## EXERCISE DIRECTIONS
Please give back each line of the material unchanged, but without the images.

## INFORMATION SUPPLIED
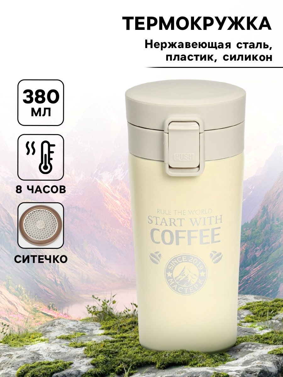 Термокружка Style «Start with coffee» с ситечком (380 мл) — ваш персональный бариста в дороге, офисе и путешествиях.
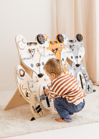 Das Busy Board Fox Naturel ist ein von der Montessori-Pädagogik inspiriertes Aktivitätsbrett, das Spaß macht und Spaß macht. Durch den Umgang mit den verschiedenen Objekten auf dem Flipchart kann das Kind selbstständig seine Umgebung durch Tasten, Hören und Sehen entdecken. Das Busy Board Fox Naturel begleitet das Kind nach seinen Bedürfnissen und ermöglicht ihm, seine kognitiven Funktionen zu entwickeln. Neugierig und ständig auf der Suche nach neuen Herausforderungen, werden die Mini-Entdecker von diesem lustigen und umweltfreundlichen Holzspiel begeistert sein.
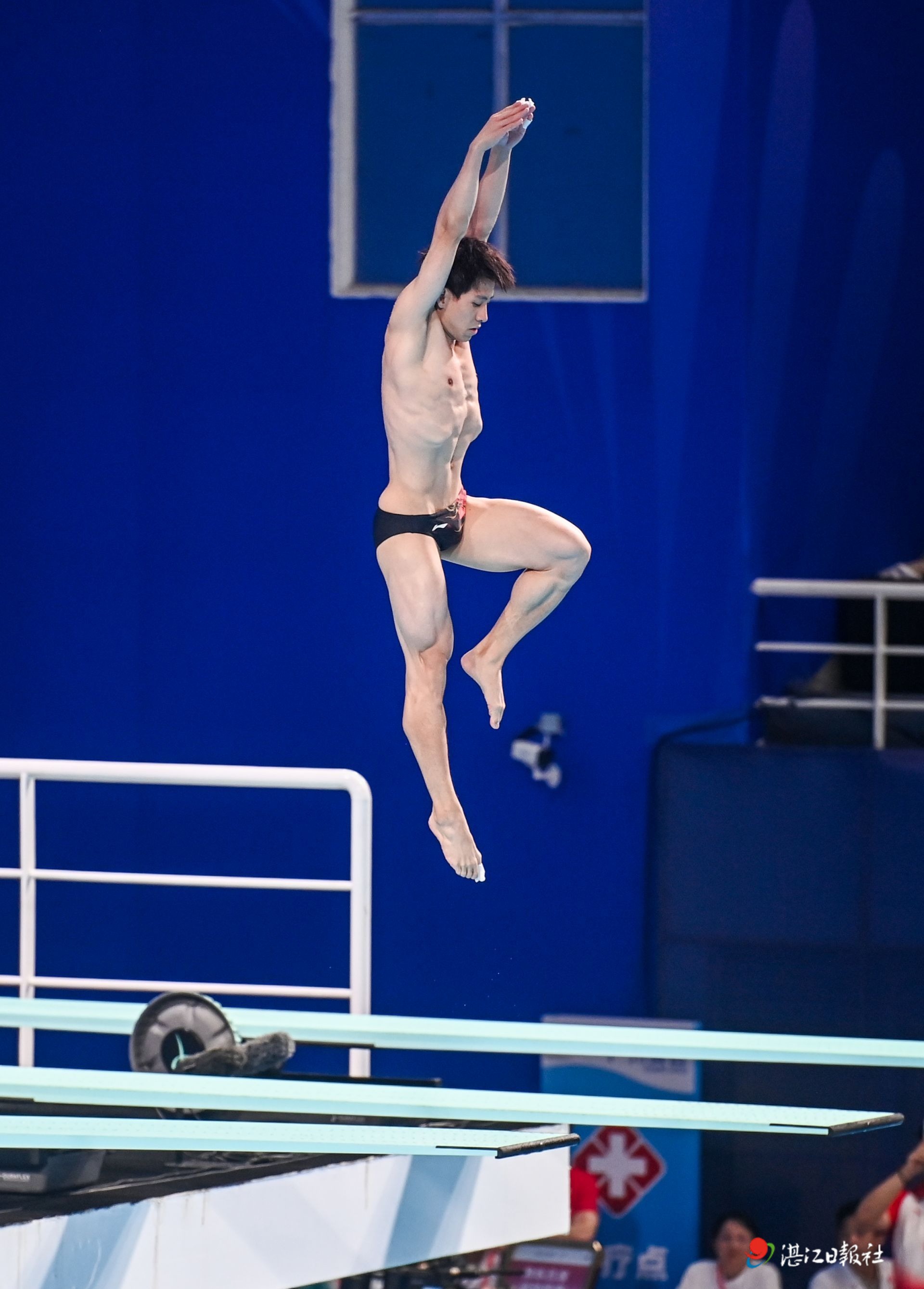 10日下午的男单3米板决赛,何超作为广东队晋级的“独苗”,和24岁湖北队名将、2024年巴黎奥运会男单3米板亚军王宗源和21岁湖北队新星郑九源等众多实力派后生展开激烈争夺。前两轮,何超得分均排第三位;第三轮和第四轮,何超得分降至第四位;第五轮,何超奋起直追,又上升到第三位;最后一轮,何超顶住压力,跳出96.90分的高分,最终以总分489.70分获得第三名。湖北队选手王宗源以总分549.85分获得冠军,湖北队选手郑九源以总分510.60分获得亚军。
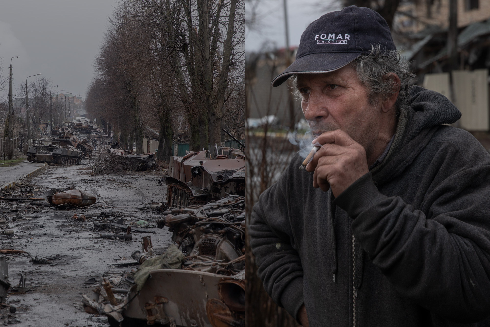No tocaron los cadáveres de las calles por miedo a que tuvieran bombas trampa. Había un poco de cobertura, e Igor consiguió llamar por teléfono a su mujer, refugiada en Polonia. Ella le dijo que en las noticias decían que Bucha aún estaba ocupada, pero Igor se lo negó.
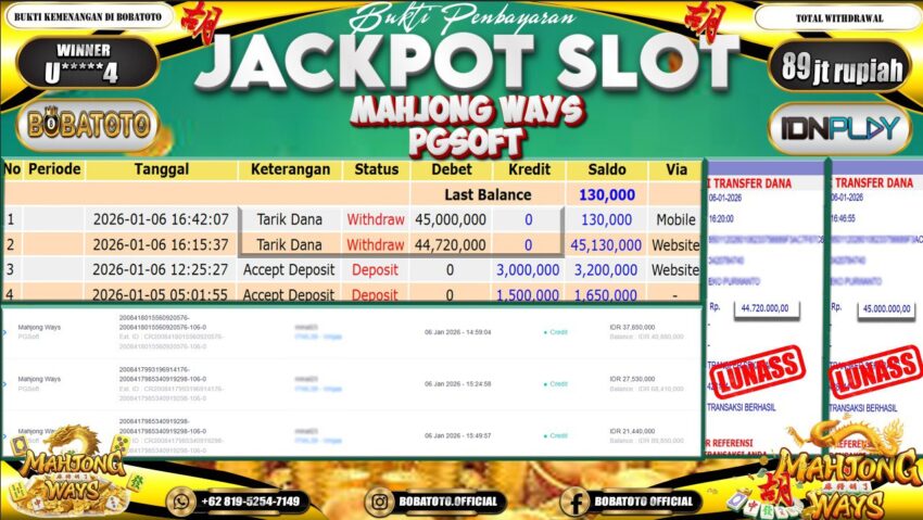 BOBATOTO – Selamat kepada User id :U****4 Telah berhasil mendapatkan kemenangan besar pada permainan SLOT MAHJONG WAYS Dengan kemenangan Sebesar Rp.89,000,000-. Setelah mengisi formulir withdraw dengan kurung waktu hanya 5 – 10 menit pihak bobatoto sudah melakukan transfer kepada pemilik Userid dan dana sudah dapat di cairkan oleh pemenang. Bukti pembayaran yang kami berikan merupakan bukti pembayaran yang SAH / VALID yang langung di dapatkan melaui tanda transfer transaksi dari Bank yang di tuju.
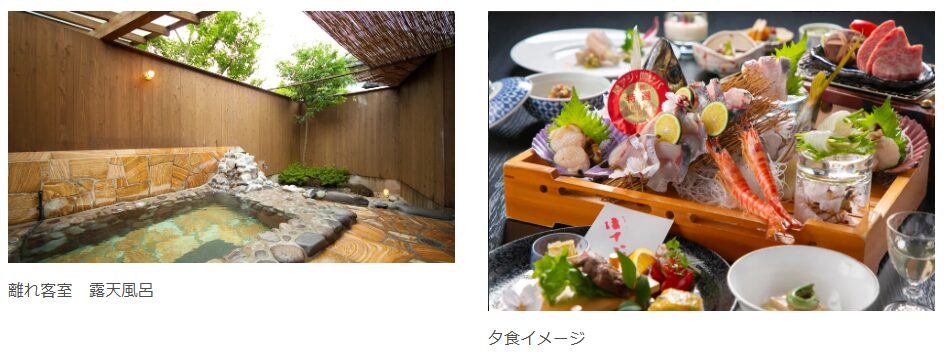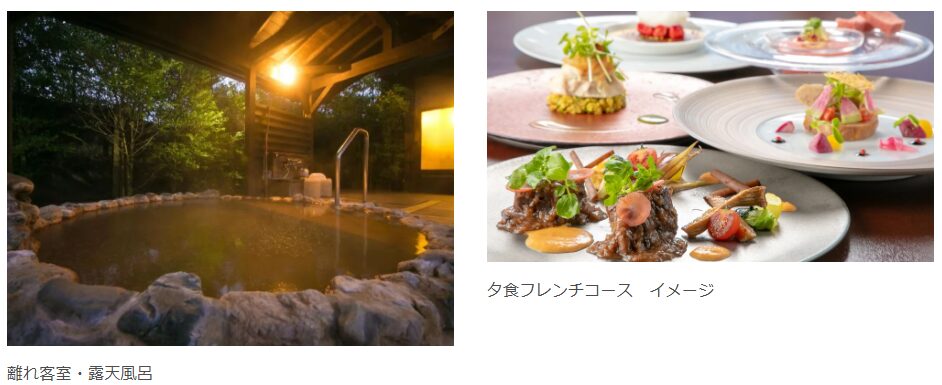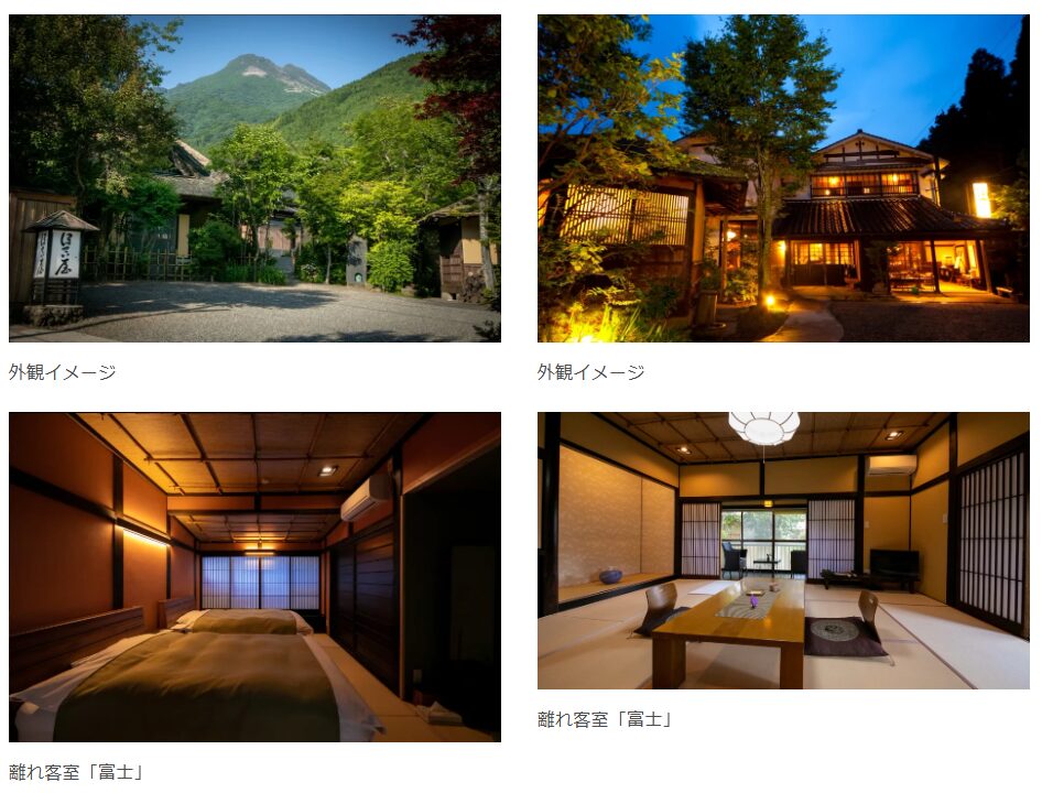 1つ目は「由布院温泉ほていや」の離れ客室「富士」。由布岳のふもとにある村のような宿で、 一棟貸しの内風呂、露天風呂付きの離れ客室で休日を贅沢に過ごすことができるんだそう。
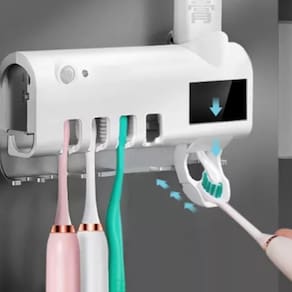 Suporte Escova Dente Com Esterealizador Dispenser Automatico Pasta Higienizador Uv
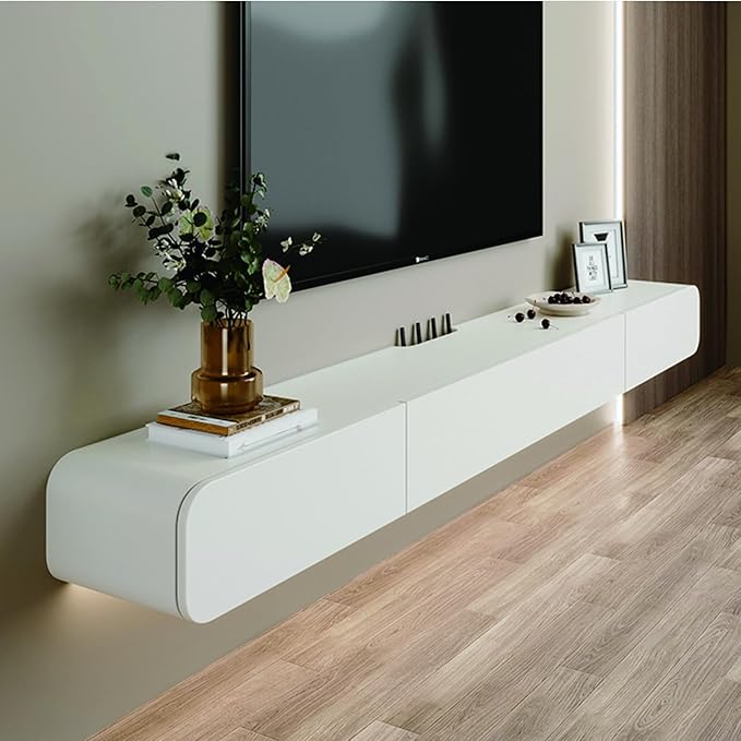 - 【High-quality solid wood】: The floating TV cabinet is made of high-quality rubber wood, rejecting artificial panels. Stable and durable structure, white high temperature paint, easy to clean, simple design makes this suspended TV stand can easily match any style of room or furniture, adding a touch of elegance and vitality.size:120*24*18cm (47.2*9.44*7in), 160*24*18cm (63*9.44*7in)
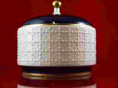 Wyrób z bardzo dobrej jakości porcelany w kolorze bieli.Stronę zewnętrzną zdobi wypukły,wyczuwalny wzór geometryczny,powierzchnia błyszcząca.Przykrywa i dolna partia pokryta została głębokim,prawdziwym kobaltem.Całość dopełniono elegancką sterczyną,która wraz z konturami podkreślona została złotem.

## WRITTEN ANSWER
 Термокружка Style «Start with coffee» с ситечком (380 мл) — ваш персональный бариста в дороге, офисе и путешествиях.
 Das Busy Board Fox Naturel ist ein von der Montessori-Pädagogik inspiriertes Aktivitätsbrett, das Spaß macht und Spaß macht. Durch den Umgang mit den verschiedenen Objekten auf dem Flipchart kann das Kind selbstständig seine Umgebung durch Tasten, Hören und Sehen entdecken. Das Busy Board Fox Naturel begleitet das Kind nach seinen Bedürfnissen und ermöglicht ihm, seine kognitiven Funktionen zu entwickeln. Neugierig und ständig auf der Suche nach neuen Herausforderungen, werden die Mini-Entdecker von diesem lustigen und umweltfreundlichen Holzspiel begeistert sein.
 10日下午的男单3米板决赛,何超作为广东队晋级的“独苗”,和24岁湖北队名将、2024年巴黎奥运会男单3米板亚军王宗源和21岁湖北队新星郑九源等众多实力派后生展开激烈争夺。前两轮,何超得分均排第三位;第三轮和第四轮,何超得分降至第四位;第五轮,何超奋起直追,又上升到第三位;最后一轮,何超顶住压力,跳出96.90分的高分,最终以总分489.70分获得第三名。湖北队选手王宗源以总分549.85分获得冠军,湖北队选手郑九源以总分510.60分获得亚军。
No tocaron los cadáveres de las calles por miedo a que tuvieran bombas trampa. Había un poco de cobertura, e Igor consiguió llamar por teléfono a su mujer, refugiada en Polonia. Ella le dijo que en las noticias decían que Bucha aún estaba ocupada, pero Igor se lo negó.
 BOBATOTO – Selamat kepada User id :U****4 Telah berhasil mendapatkan kemenangan besar pada permainan SLOT MAHJONG WAYS Dengan kemenangan Sebesar Rp.89,000,000-. Setelah mengisi formulir withdraw dengan kurung waktu hanya 5 – 10 menit pihak bobatoto sudah melakukan transfer kepada pemilik Userid dan dana sudah dapat di cairkan oleh pemenang. Bukti pembayaran yang kami berikan merupakan bukti pembayaran yang SAH / VALID yang langung di dapatkan melaui tanda transfer transaksi dari Bank yang di tuju.
 1つ目は「由布院温泉ほていや」の離れ客室「富士」。由布岳のふもとにある村のような宿で、 一棟貸しの内風呂、露天風呂付きの離れ客室で休日を贅沢に過ごすことができるんだそう。
 Suporte Escova Dente Com Esterealizador Dispenser Automatico Pasta Higienizador Uv
 - 【High-quality solid wood】: The floating TV cabinet is made of high-quality rubber wood, rejecting artificial panels. Stable and durable structure, white high temperature paint, easy to clean, simple design makes this suspended TV stand can easily match any style of room or furniture, adding a touch of elegance and vitality.size:120*24*18cm (47.2*9.44*7in), 160*24*18cm (63*9.44*7in)
 Wyrób z bardzo dobrej jakości porcelany w kolorze bieli.Stronę zewnętrzną zdobi wypukły,wyczuwalny wzór geometryczny,powierzchnia błyszcząca.Przykrywa i dolna partia pokryta została głębokim,prawdziwym kobaltem.Całość dopełniono elegancką sterczyną,która wraz z konturami podkreślona została złotem.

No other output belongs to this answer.